Na Etnografia Transmontana I de Lourenço Fontes encontrámos a seguinte referência a respeito das alcunhas das aldeias:
Fidalgos de Vila da Ponte
Conhadeiros de Bustelo
Mastigas de Currais
Manta moura de Reigoso
Ladrugães —esfola gatos mata cães
(informa P. Feliz José Alves)
Vamos agora ao que consta na “Toponímia de Barroso”
Currais (A Beetria De Barroso)
"Este privilégio foi-se diluindo ao longo dos tempos, ou antes, a força popular que o conquistara esmoreceu. A verdadeira riqueza deste facto é que uma pequeníssima povoação barrosã gozou de tal privilégio: podiam escolher pessoa fidalga que os defende em qualquer circunstância de aperto, mesmo perante o rei!
O topónimo vem de cursum — currum, supino de currere e que dá curro e, daí o curral, ambos sinónimos.
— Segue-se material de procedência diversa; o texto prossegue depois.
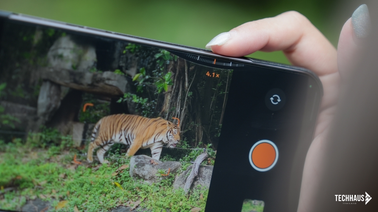 และเมื่อโทรศัพท์อยู่ในแนวนอน ยังสามารถปัดปุ่มเพื่อซูมเข้าและออกได้อีกด้วย สะดวกมากสำหรับช่างภาพที่ต้องการควบคุมการถ่ายภาพอย่างรวดเร็ว รู้สึกได้ถึงความใส่ใจในการออกแบบเพื่อผู้ใช้งานจริงๆ
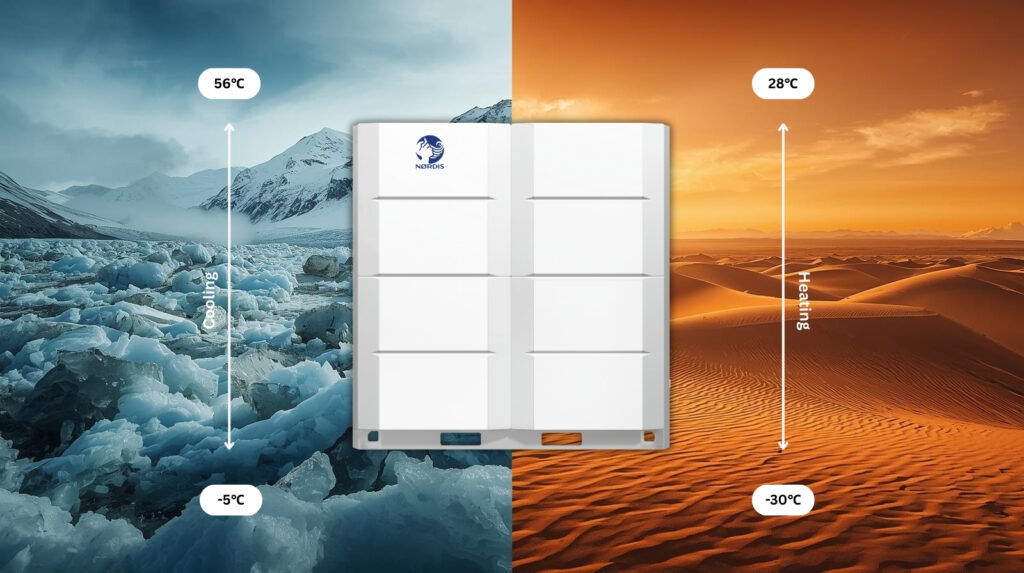 NØRDIS VRF sistēmas ir izstrādātas efektīvai darbībai ekstremālos klimatiskajos apstākļos — no –30 °C līdz +56 °C, nodrošinot uzticamu dzesēšanu un apkuri visa gada garumā neatkarīgi no sezonas vai apkārtējās vides apstākļiem.
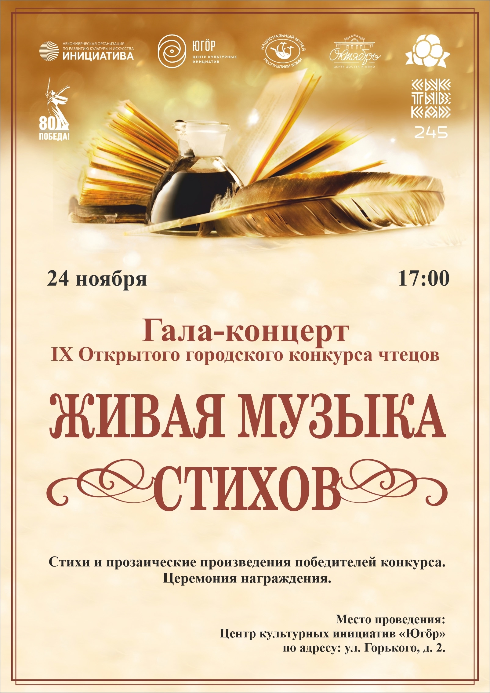 24 ноября в 17:00 часов в Центре культурных инициатив «Югор» (г.Сыктывкар, ул. Горького, д. 2) состоится ГАЛА-КОНЦЕРТ и торжественное награждение лауреатов IX открытого городского конкурса чтецов «ЖИВАЯ МУЗЫКА СТИХОВ».
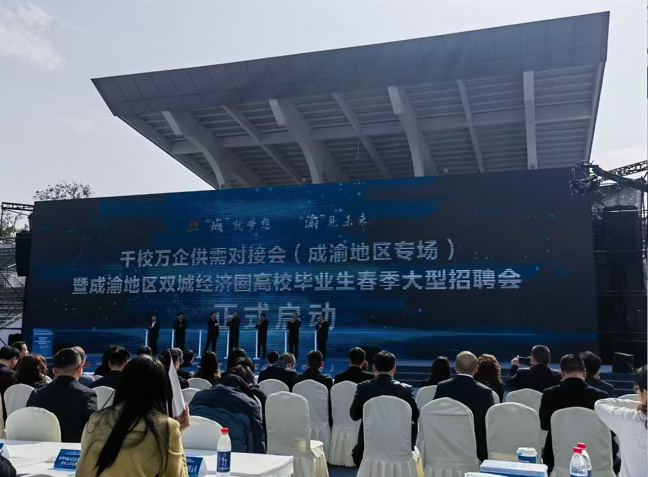 4月3日,由教育部、人力资源社会保障部、四川省人民政府、重庆市人民政府联合主办的“千校万企供需对接会”暨“‘成’就梦想 ‘渝’见未来”成渝地区双城经济圈高校毕业生春季大型招聘会在西南石油大学举行。教育部副部长熊四皓、副省长左永祥出席活动并致辞。
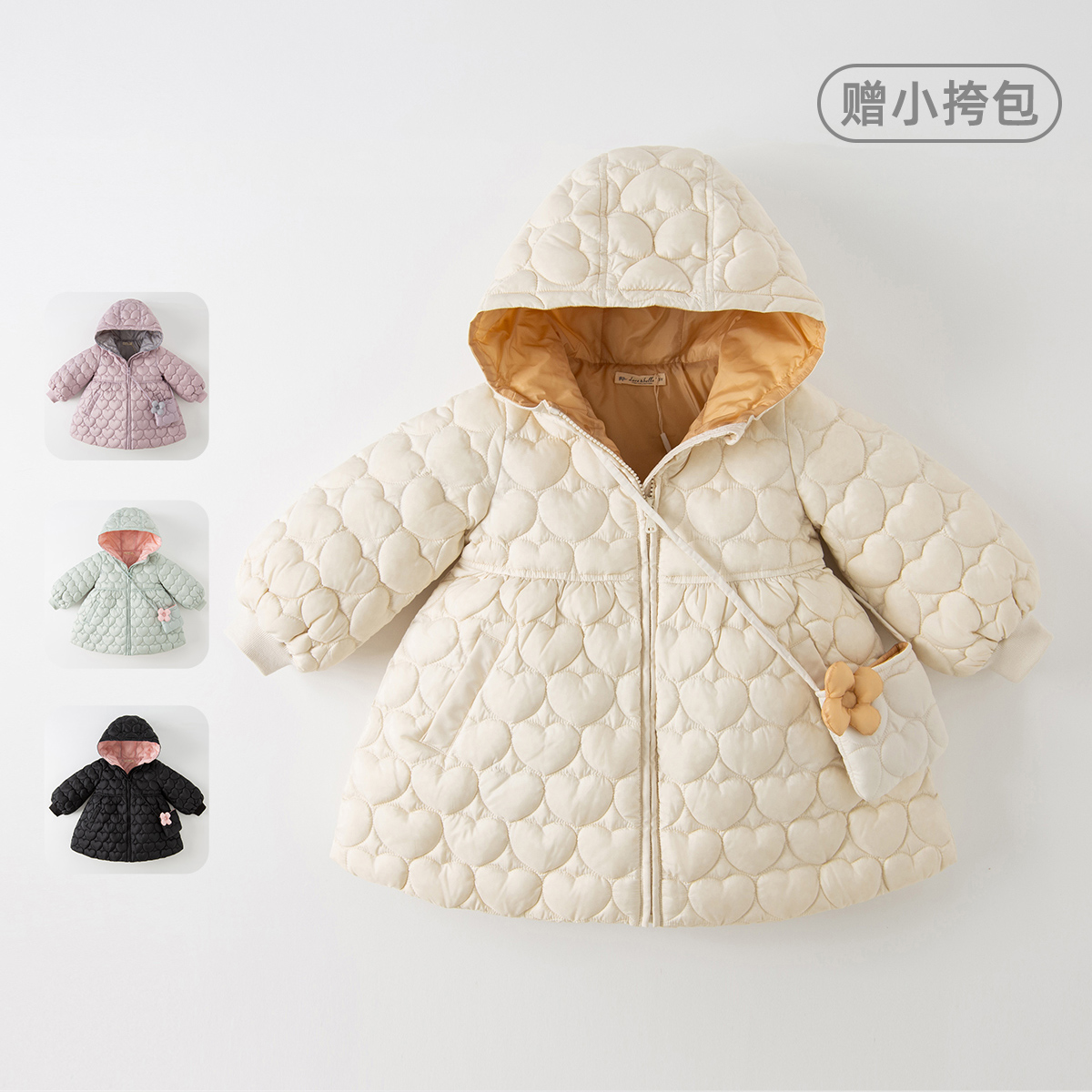 【清仓特价】戴维贝拉女童中长款羽绒服冬季小童宝宝连帽保暖外套
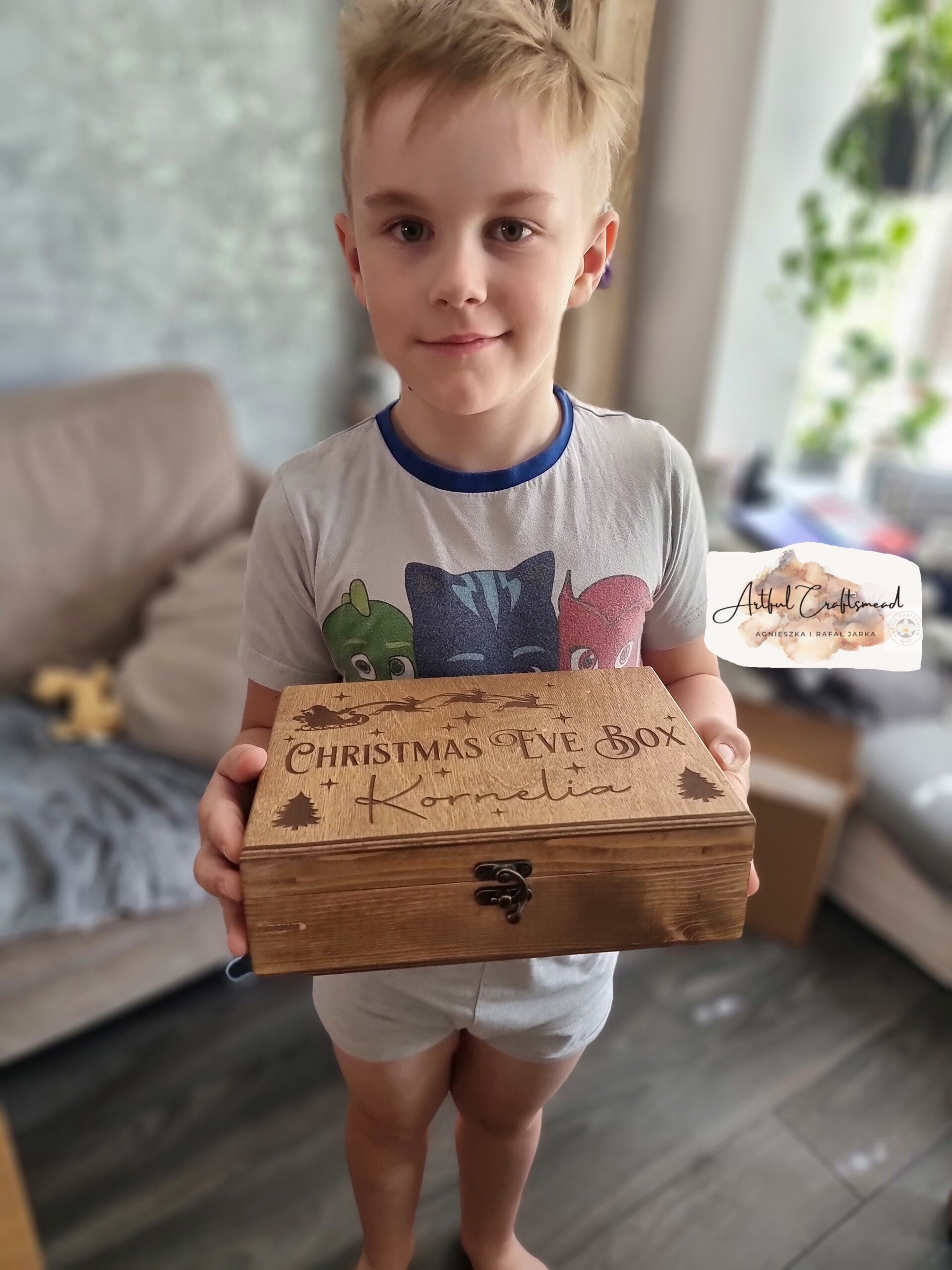 Engraved Xmas Eve Box - Bespoke Personalised Wooden Christmas Box Children, Adult, Ready To Fill With Gifts, Large Keepsake Box, St Clauses

A beetria era um contrato em que uma parte promete um tributo (a encensoria) a troco de uma benfeitoria (geralmente prevenir os abusos e as violências). Os tributários exigiam a liberdade de escolha dos protectores com o beneplácito do rei, garantias do direito de escolha e do dever da confirmação real!
Os de Currais, escolhiam de livre vontade o fidalgo que os protegia, com a anuência do monarca”
E como a prosa já vai longa, ficamos por aqui, mas pela certa que Currais terá aqui lugar mais vezes. Mas antes ainda deixamos como sempre as referências às nossas consultas. Quanto aos links para as anteriores abordagens às aldeias e temas de Barroso, estão na barra lateral deste blog. Se a sua aldeia ou a aldeia que procura não está na listagem, é porque ainda não passou por aqui, mas em breve passará.
BIBLIOGRAFIA
BAPTISTA, José Dias, (2006), Montalegre. Montalegre: Município de Montalegre.
BAPTISTA, José Dias, (2014), Toponímia de Barroso. Montalegre: Ecomuseu – Associação de Barroso.
FONTES, Lourenço, Etnografia Transmontana I – Crenças e Tradições de Barroso, edição do autor, Montalegre, 1974.